An overview of our financial performance for the quarter ended September 30, 2017 compared to the quarter ended September 30, 2016, includes:
- Operating income for the quarter ended September 30, 2017 was $13.9 million compared to $13.6 million for the quarter ended September 30, 2016. Changes in the primary components of operating income are as follows:
- Revenue increased approximately $4.8 million to $45.4 million due to increases in revenue at our Gulf Coast and Southeast terminals of approximately $0.5 million and $5.5 million, respectively, partially offset by a decrease in revenue at our Midwest, Brownsville and River terminals of approximately $0.5 million, $0.6 million and $0.1 million respectively.

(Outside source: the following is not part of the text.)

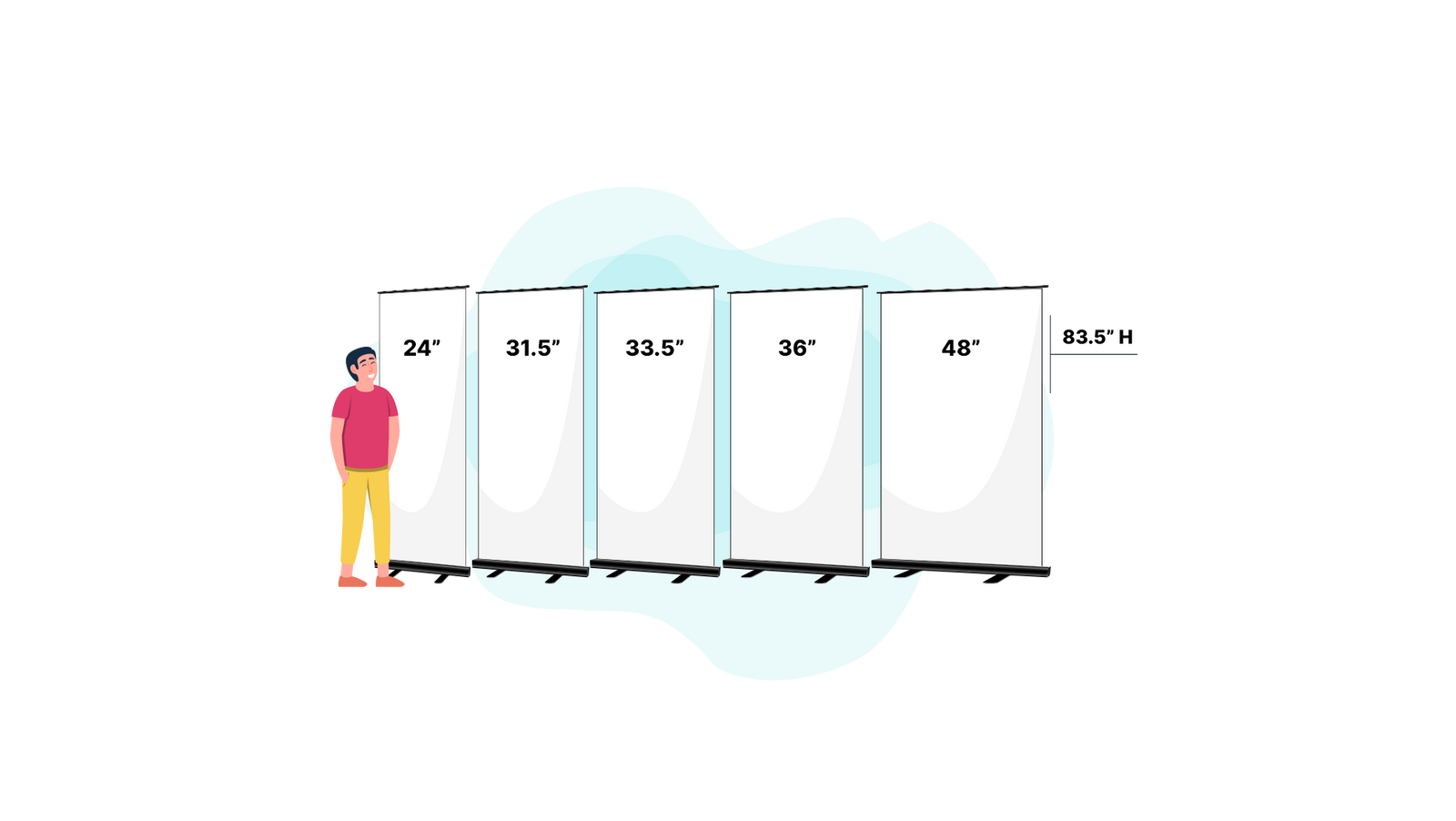 The Starter Custom Retractable Banner is available in five sizes, from 24 IN to 48 IN wide, with all options measuring 83.5 IN tall. The 24 IN version is available with a black base, while all other versions come in either black or silver.

- Direct operating costs and expenses increased approximately $0.7 million to $17.7 million due to an increase in Brownsville and the Southeast terminals of approximately $0.2 million and $0.9 million, respectively; partially offset by decreases in the Gulf Coast, Midwest and River terminals of approximately $0.2 million, $0.1 million and $0.1 million, respectively.
- General and administrative expenses increased approximately $1.6 million to $5.2 million.
- Depreciation and amortization expenses increased approximately $0.7 million to $8.9 million.
- Earnings from unconsolidated affiliates decreased approximately $1.1 million to $1.9 million mainly due to lower earnings associated with our investment in BOSTCO.
- Net earnings were $11.0 million for the quarter ended September 30, 2017 compared to $11.9 million for the quarter ended September 30, 2016. The decrease was principally due to the changes in quarterly operating income discussed above.
- Quarterly net earnings per limited partner unit was $0.47 per unit for the quarter ended September 30, 2017 compared to $0.58 per unit for the quarter ended September 30, 2016.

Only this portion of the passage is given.